We had arranged new housesitters through an online site. This Tasmanian couple had a daughter with young family living locally, and they wanted an extended sit, to be near her while she had a new baby.
Friend M, who had spent some time travelling with us in the Pilbara, last year, had finally decided to retire from teaching and embark on travel. We spent time helping her firm up her plans, culminating in the sale of her home and her purchase of an ex-Telstra Toyota Troopy, and gear for travel and camping with that.
We spent some time preparing for this year’s adventure.
John made the folding tables, bought lights and other potentially useful stuff. He packed some of his own gear that might be needed. He bought packets of vegetable seeds for the garden he was to get going properly.
I sewed some chef’s style aprons, figuring that there were unlikely to be any already there, and thinking I should look the part. Used plain coloured heavy cotton – in safari camp colours of black and light brown. John asked for a couple to be made for him, in case he was doing something like open fire barbequing. I made him two, from a heavy striped cotton. They looked different!
I did a lot of recipe research and roughed out potential menus for camp groups, allowing for possible supply issues. It was a good thing that I had some experience of remote life! I bought things like food handling gloves, enough pannacotta moulds to cater for twelve people – and packed quite a bit of my own cooking gear to take, beyond that which usually travelled in the van.

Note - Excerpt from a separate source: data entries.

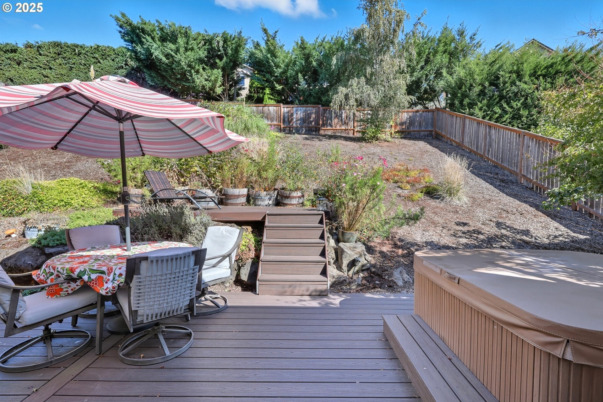 This beautifully designed 4-bedroom, 2.5-bath home in the sought-after Lookout Ridge neighborhood has everything you’ve been looking for. Boasting a perfect blend of modern style and functional layout, it offers comfort and convenience at every turn. Plus, it’s located within the highly rated Camas School District. MAIN FLOOR: The spacious primary suite on the main floor includes a private en-suite bath and a generous walk-in closet. The open-concept living area features a cozy gas fireplace, a dining area, and a stylish kitchen with updated appliances, ample counter space, and a large pantry—ideal for entertaining guests or enjoying family time. Laundry room is on the mail floor complete with washer and dryer. UPSTAIRS: You’ll find three additional bedrooms and a full bathroom—perfect for kids, guests, or even a home office. OUTSIDE: Relax and unwind on the composite front and back decks, perfect for sipping a drink, grilling, or hosting outdoor gatherings. The large, fully fenced backyard offers privacy and space for play or gardening. End your day with a soothing soak in the hot tub. LOCATION: Enjoy the best of both worlds—peaceful neighborhood living with convenient access to parks, trails, the farmers market, and all the shopping and dining in the vibrant, up-and-coming downtown areas of Washougal and Camas. Located on the Camas border, this home offers access to Camas amenities without the higher Camas taxes. BONUS: A brand-new roof was installed in May 2025, offering peace of mind for years to come. The included hot tub, refrigerator, washer, and dryer add even more value. Both Comcast high speed cable and Ziply high speed symmetrical fiber available.
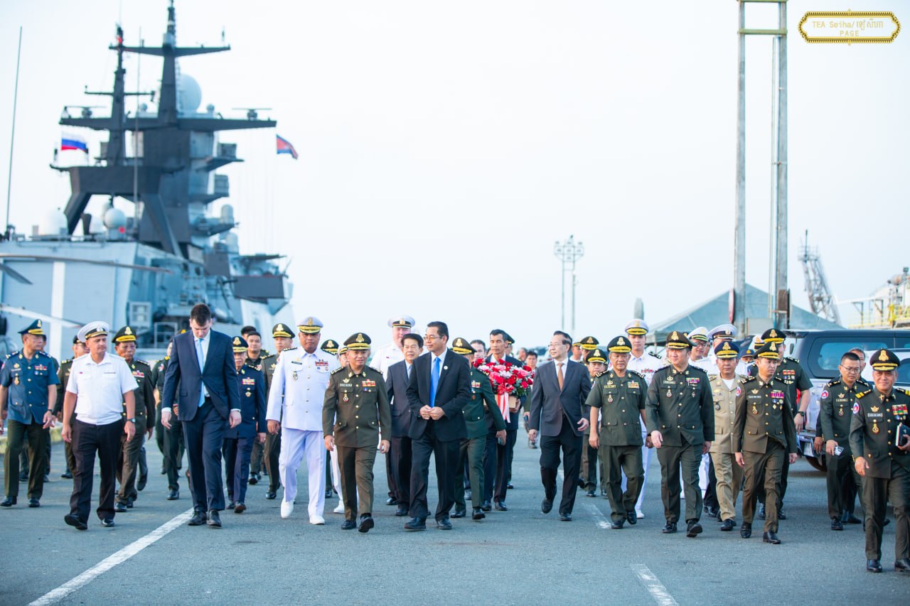 លោក នាយឧត្តមសេនីយ៍ ទៀ សីហា ឧបនាយករដ្ឋមន្ត្រី រដ្ឋមន្ត្រីក្រសួងការពារជាតិ បានទទួលសូមស្វាគមន៍នាវាចម្បាំងរបស់រុស្ស៊ីចំនួន២គ្រឿង (នាវា Sovershenny លេខ៣៣៣ និងនាវា Rezky លេខ៣៤៣) មកពីកងនាវាប្រចាំតំបន់ប៉ាស៊ីហ្វិកនៃកងទ័ពជើងទឹកសហព័ន្ធរុស្ស៊ី ដែលបានចូលចតនៅកំពង់ផែស្វយ័តក្រុងព្រះសីហនុ ដើម្បីបំពេញទស្សនកិច្ចរយៈពេល៣ថ្ងៃនៅកម្ពុជា ជាមួយនាវិកសរុបប្រមាណ ២៦២នាក់ នាថ្ងៃទី៧ ខែមេសា ឆ្នាំ២០២៦ ដំណើរទស្សនកិច្ចរបស់កងទ័ពជើងទឹករុស្ស៊ី និងនាវាចម្បាំងនាពេលនេះ នឹងលើកកម្ពស់ទំនាក់ទំនង និងកិច្ចសហប្រតិបត្តិការលើវិស័យការពារជាតិរវាងកម្ពុជា និងរុស្ស៊ី ដែលប្រទេសទាំងពីរតែងប្រកាន់យកក្នុងប្រវត្តិនៃទំនាក់ទំនង។
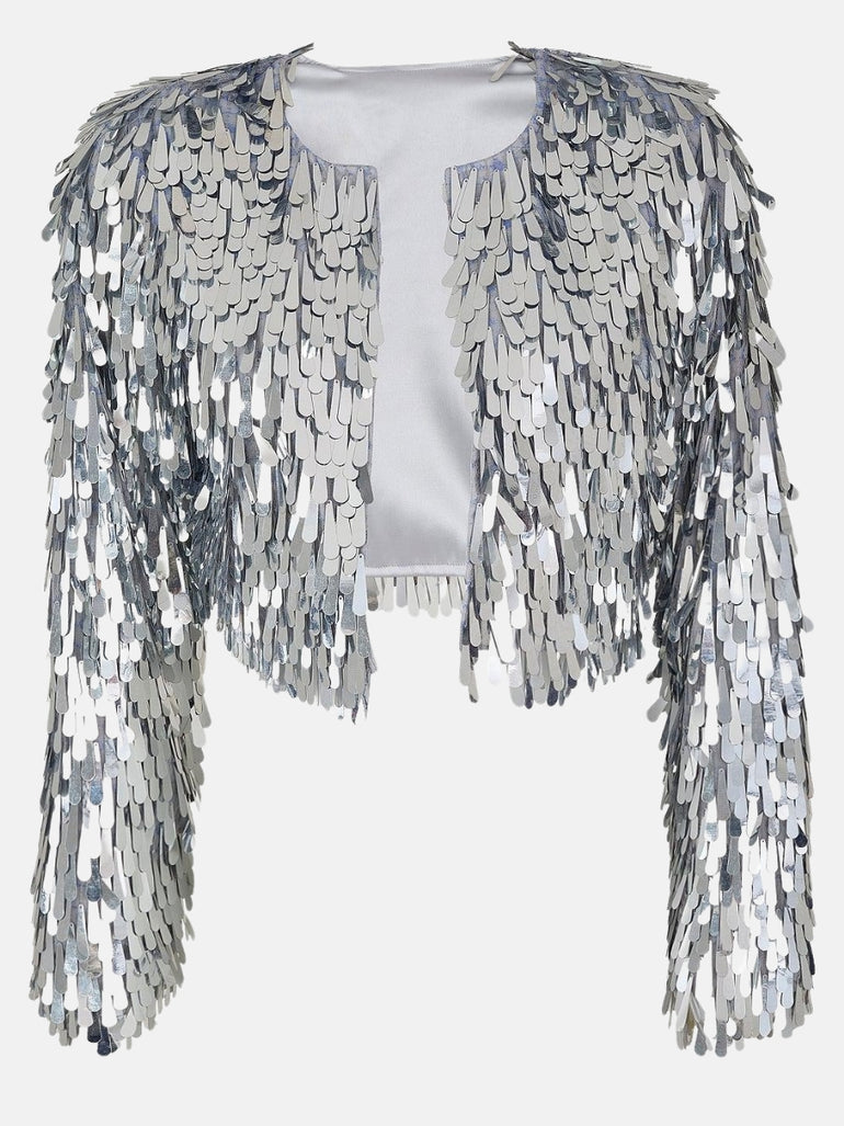 Cropped Tear Sequin Silver Jacket
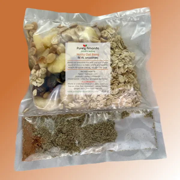 Nutty Oat Bang is an energizing frozen smoothie mix blending apple and banana with a rich base of roasted peanuts, creamy oats, and natural sweetness from dates. It’s crafted for those who crave a heartier, more satisfying smoothie with real fuel.
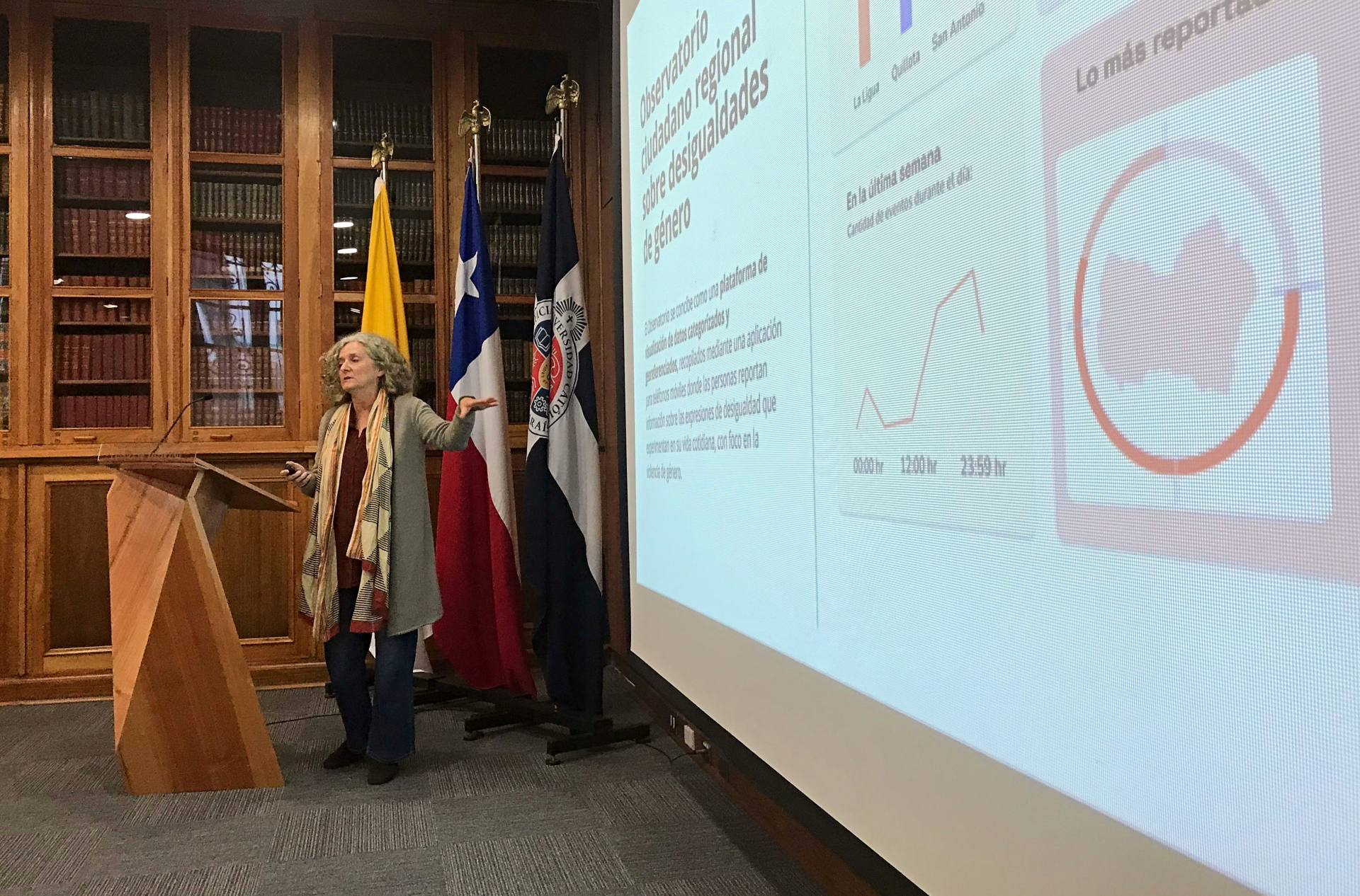 La reunión continuó con la exposición de la doctora Alessandra Olivi, académica de la Escuela de Sociología de la Universidad de Valparaíso, quien estuvo a cargo de dar a conocer los avances en el desarrollo de la aplicación móvil “Te Appaño”, para el reporte de situaciones de violencia de género.
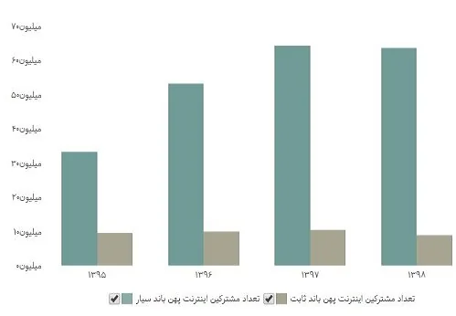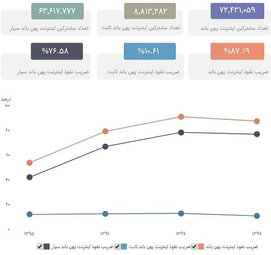 این آمار حاکی است که ضریب نفوذ اینترنت پرسرعت ثابت و سیار ایران در این دوره نسبت به سال 97 کاهش یافته است.
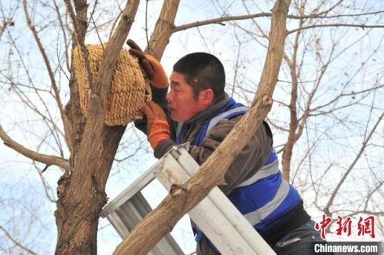 11月23日,趁著雪后天晴,吉林長春友誼公園的工作人員忙著維護樹上的草編鳥巢,并投放了鳥糧。該公園生態(tài)環(huán)境好、野生鳥類多,園方已經(jīng)連續(xù)三年在園區(qū)設(shè)置百余個草編鳥巢助鳥類安全過冬。
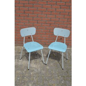 Mooie set van 2 retro stoeltjes met teakhouten zitting en rugleuning. Deze stoelen zijn ideaal om te gebruiken als keukenstoel en staan ook goed in de eetkamer.
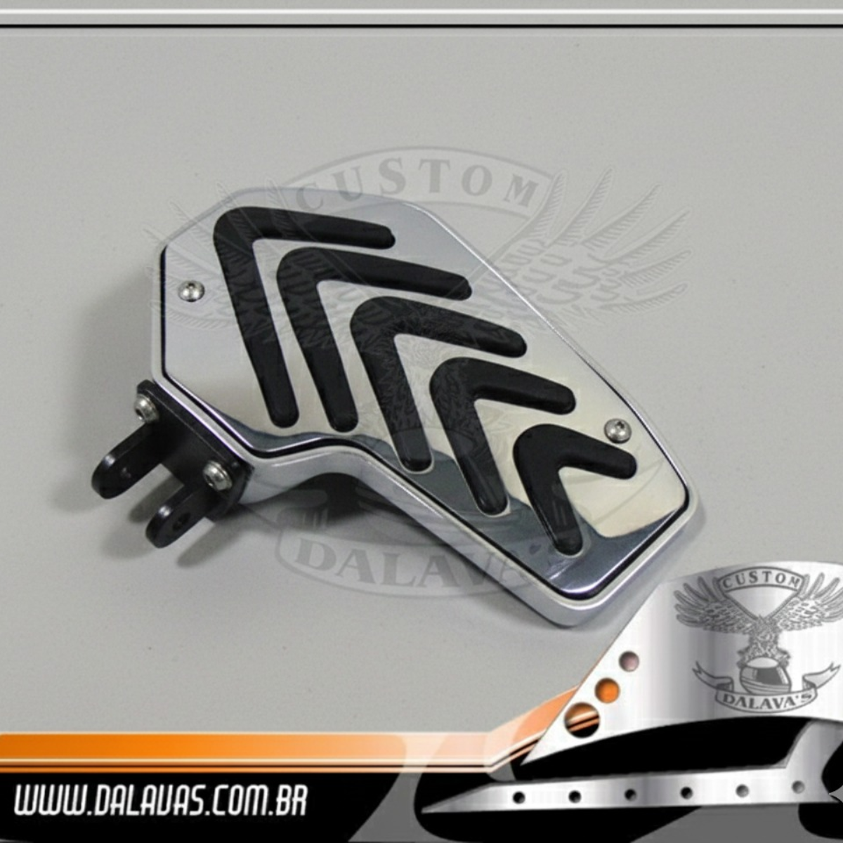 Plataforma Dianteira desenvolvida para os modelos Mirage 650 da montadora Kasinski. Confeccionada em alumínio, com alguns componentes em aço e outros em borracha. Dimensões da área útil da plataforma (Valores aproximados) : 22 x 12 cm Dimensões da área útil da plataforma Modelo Cromado (Valores aproximados) : 21 x 12 cm Para mais informações, consulte nossa equipe de vendas!

Close to departure time, my laptop computer (which had been a hand-me-down from John) stopped working properly. I took it to our computer man for possible repairs. If it could be fixed, he would send it up to us. That was quite a blow because it potentially limited my ability to do things like word process letters to family and friends, store photos from the digital camera that I had decided to rely totally on, this year.
John did some preparatory work to set up as observers for Birds Australia. We had decided that Pungalina offered potentially rewarding bird surveying, being so remote and little populated. It would be an extra interest for us.
I phoned our Griffith friends and arranged to visit them on our way north.
At the last minute, A dropped in some signs he’d had made for each of the camp tents – they were to have local plant names, like Bauhinia. They were wood and very nicely done. John would have to put them in place. A also bought some sets of binoculars, for the use of guests, and a heap of Pungalina pamphlets he’d had printed. We were to put these into caravan parks and information centres, as convenient, as we travelled north.
John fuelled up Truck, and filled the jerry can – $1.10cpl.
There was not much room left in or on Truck – or in the van!